Readers who are interested in parsing theory may also enjoy the companion technical report:

https://arxiv.org/pdf/2209.08383.pdf

as well as a brief users' manual, available here:

https://arxiv.org/pdf/2209.08385.pdf

HarHarVeryFunny · on Sept 24, 2022

Meh .. I wrote a full LR(1) parser generator for fun about 40 years ago (c.1982), back when it was considered impossibly impractical (the "dragon book" said so!).

Generating an LR(1) parser itself is simple enough using Knuth's algorithm - you're just building a large state machine and having to maintain sets of look-head tokens for each partially-parsed production rule in the states, which is why the resulting state machine becomes impractically large (at least for computers at that time).

What made this possible back at that time was a paper by Professor Pager from the university of Hawaii that described how you could merge states, under certain compatibility conditions, during the cannonical Knuth parser (state machine) generation algorithm, which kept the size of the state machine under control.

The parsers built by parser generators like mine, YACC, OP's Langcc, etc, are referred to as "table driven parsers" (to differentiate them from recursive descent parsers), but back in 1982 representing the state machine as an actual table wasn't very practical (too big) so rather than having a large sparse 2-D array indexed by state and token you'd normally represent each state as a list of actions instead.

However, I found I could represent the tables an sparse 2-D array, but then compress the array to make it on manageable size. This was much preferable to using lists since access was much faster - just 3 array accesses to translate raw state, token indeces into compressed array indeces, then the actual lookup.

To compress the sparse array I converted it into a graph coloring problem. I mapped the sparse array to a graph where each row of the array would map to a node in the graph, and any two nodes would be connected only if the corresponding sparse rows had a conflicting entry in any column. I then used a simple graph coloring heuristic to color the graph (goal - color graph with minimum number of colors, given constraint that connected nodes can't have the same color), then converted back to a compressed array by merging rows whose corresponding graph node's had the same color (hence no conflicts). I then repeated same procedure for the columns.

The resulting parsers, when coupled with an optimized hand written tokenizer, was stunningly fast, even on the dog slow computers of the time, but sadly I never did anything with it - was just a fun side project done for my own education/amusement.

The good old days. Get off my lawn.

jzimmerman64 · on Sept 24, 2022

> back when it was considered impossibly impractical (the "dragon book" said so!)

Yes, with some optimizations (e.g., Pager's algorithm), LR(1) can be practical; in langcc we even implement LR(k), and this is also practical for many real-world grammars.

However, a key observation is that even LR(k) is not enough for many industrial language features. You may enjoy reading the companion technical report for langcc, which delves deep into the underlying parsing theory and proposes a number of new techniques:

https://arxiv.org/pdf/2209.08383.pdf

HarHarVeryFunny · on Sept 24, 2022

> However, a key observation is that even LR(k) is not enough for many industrial language features.

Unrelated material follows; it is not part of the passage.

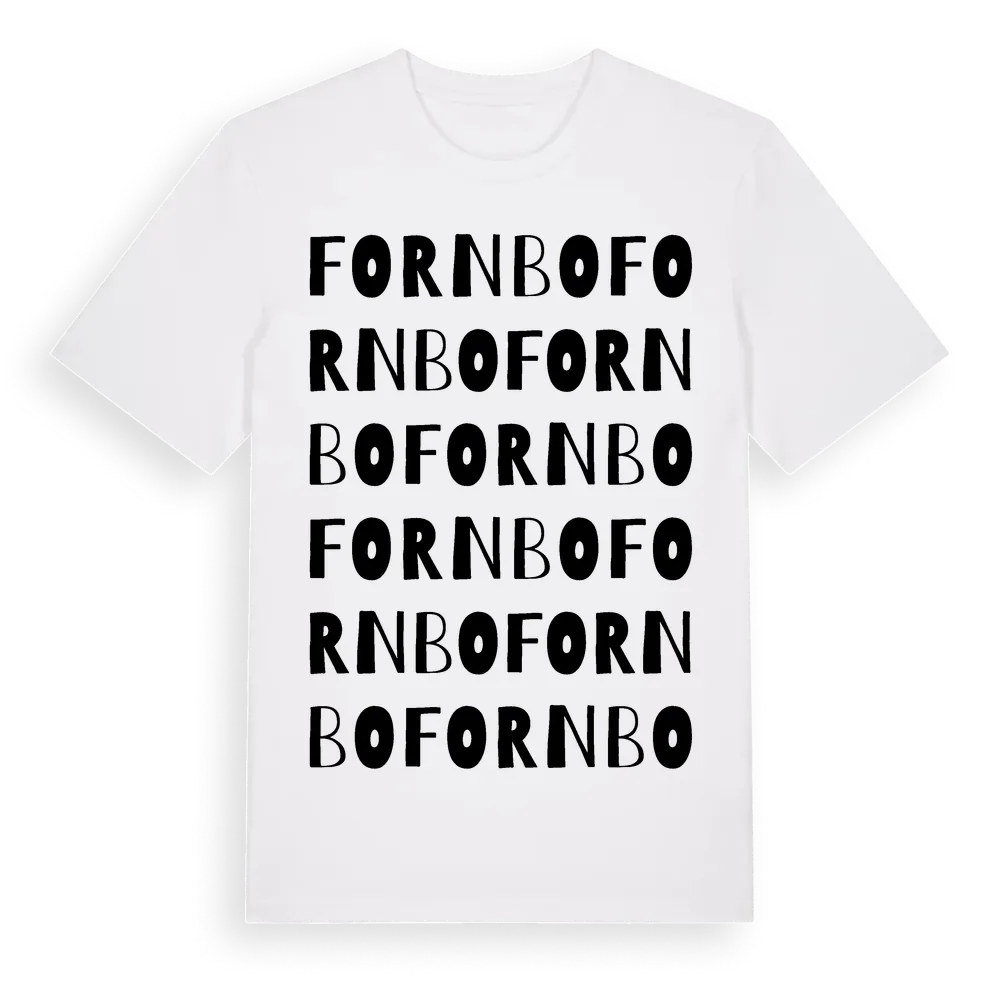 En ordlek byggd på Fornbos namn. Subtilt och klurig – ett motiv som bara de som verkligen känner platsen fullt ut förstår. Premium bomull, unisex – från byn Fornbo i Södermanlands län.

Yes, although sometimes a minor hack is all that's needed. For C/C++ you can maintain a symbol table while parsing, then have your "lexer" return a different token for a type-name vs other identifiers.

pabs3 · on Sept 24, 2022

This might be useful for bootstrapping languages from other languages.

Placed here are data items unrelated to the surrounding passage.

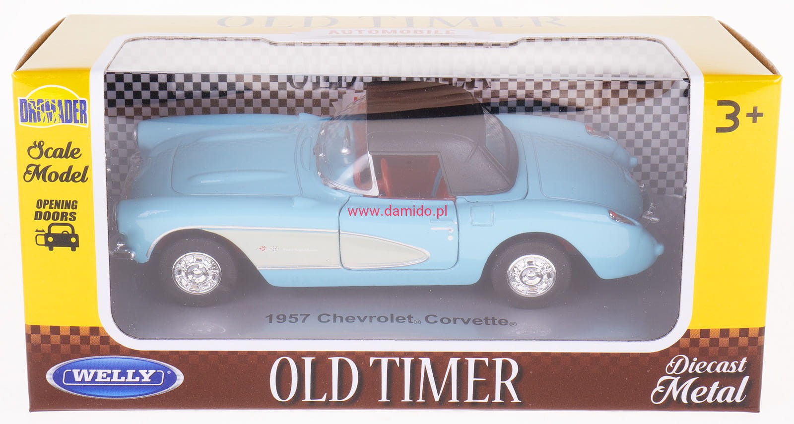CHEVROLET CORVETTE 1957 MODEL METALOWY WELLY 1:34 BŁĘKIT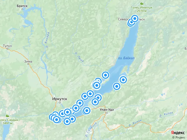 — Байкальск — размещение на курорте «Соболь» или гостиница «Галактика» (рядом с горой Соболиная)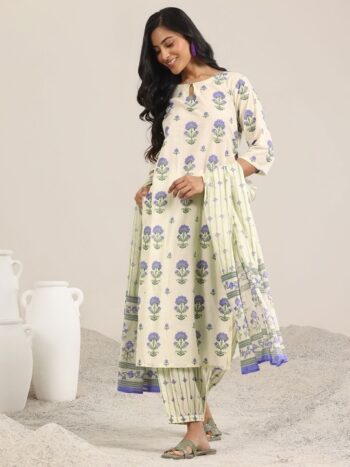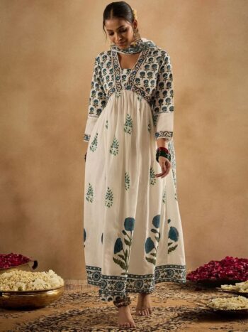 Floral Printed Empire Pure Cotton Anarkali Kurta With Trouser & Dupatta

https://bootstrappable.org/

ridiculous_fish · on Sept 24, 2022

Some questions I have

1. Is there support for comments beyond just the lexer, e.g. attaching them to nodes for a source beautifier?

2. Is there support for parsing incomplete input?

I got it building, should anyone be curious about the generated source I posted it here for the "calc" example:

Header file: https://gist.github.com/ridiculousfish/63449ca95d3f957f53a85...

.cpp file: https://gist.github.com/ridiculousfish/32b053325b698adda782f...

the_duke · on Sept 24, 2022

There's a lot of focus on parsing and AST definition in the language space.

It's true that both of those are a bit tedious to write, but in reality they represent a tiny amount of the work that goes into writing a language.

It's nice for experimentation, but you will soon need to customise your AST, add interning, have a permissive parser with error recovery (which always depends on language semantics) , propagate errors through your AST, ...

Most people who try to implement a language never get beyond the parse code to AST stage, so this would be nice for students and beginners.

But I don't think it's impactful beyond that.

jzimmerman64 · on Sept 24, 2022

Many of these claims are subjective, but I will at least point out one fact: langcc is general enough to compile its own frontend - and not just for experimentation.

mingodad · on Sept 24, 2022

It seems too hack depending on "__attribute__((always_inline))", tcmalloc for performance, specific libunwind to dump backtraces, doesn't build with g++.

Maybe the general idea is valuable but the implementation ?

jupp0r · on Sept 23, 2022

> automatically generates a compiler front-end

For a very narrow definition of compiler frontend. The missing piece to make this super awesome would be generating LLVM IR, which is where the semantics of the language would need to be understood (vs just the grammar).

tgv · on Sept 24, 2022

Parser generator would be more apt.

jzimmerman64 · on Sept 24, 2022

It's not just a parser generator; it also generates the AST, traversals, lexer, and pretty-printer. And it can generate the AST for your IRs and target language, if you specify them in BNF as well. This is a pretty significant piece of a compiler, all told.

tgv · on Sept 24, 2022

Generating the tree is trivial. The lexer is part of the parser. A pretty printer is not part of a compiler. The rest you have to do by hand. I know the name is a play on yacc (Yet Another Compiler Compiler), but it generates only a part of a compiler, the parser.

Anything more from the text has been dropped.